Timing this parallelized workflow shows significant performance gains (almost 4x)! As the number of documents becomes larger, the additional overhead of starting multiple worker threads with `joblib` is quickly paid for, and this method can significantly outperform the sequential methods.

### Effect of chunk size and batch size
Note that in the parallelized workflow, two parameters need to be specified - the optimum number can vary dependingo on the dataset. The `chunksize` controls the number of chunks being worked on by each process. In this example, for $8800$ documents, a chunksize of $1000$ is used. Too small a chunksize would mean that a large number of worker threads would spawn (each one waiting for other threads to complete), which can slow down execution significantly. Generally, a chunksize of around $1/10^{th}$ of the total number of documents can be used as a starting point.

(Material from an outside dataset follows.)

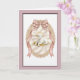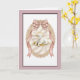 A soft and elegant Easter illustration featuring a gentle white lamb resting on straw with a glowing halo, symbolizing the Lamb of God and the message of faith, innocence, and renewal celebrated during Easter. The lamb is framed within a delicate vintage-style oval lace frame adorned with a graceful pink ribbon bow and floral accents. The pastel tones and decorative border create a charming and peaceful design, perfect for a personalized Easter greeting card that expresses hope, love, and spiritual blessings.

The batch size is parameter specific to `nlp.pipe`, and again, a good value depends on the data being worked on. For reasonably long-sized text such as news articles, it makes to keep the batch size reasonably small (so that each batch doesn't contain *really* long texts), so in this case $20$ was chosen for the batch size. For other cases (e.g. Tweets) where each document is much shorter in length, a larger batch size can be used.

**It is recommended to experiment with either parameter to see which combination produces the best performance**.

## Conclusions
In this exercise, a news article dataset (NY Times) was processed using a spaCy pipeline to output a list of lemmas representing the useful tokens present in each article's content. Out in the wild, data can come in any way, shape or form, so the `preprocess_parallel` method can be directly applied on any stream of texts (i.e. an arbitrarily long list) without having to use Pandas DataFrames. 

Give these methods a go in your future projects!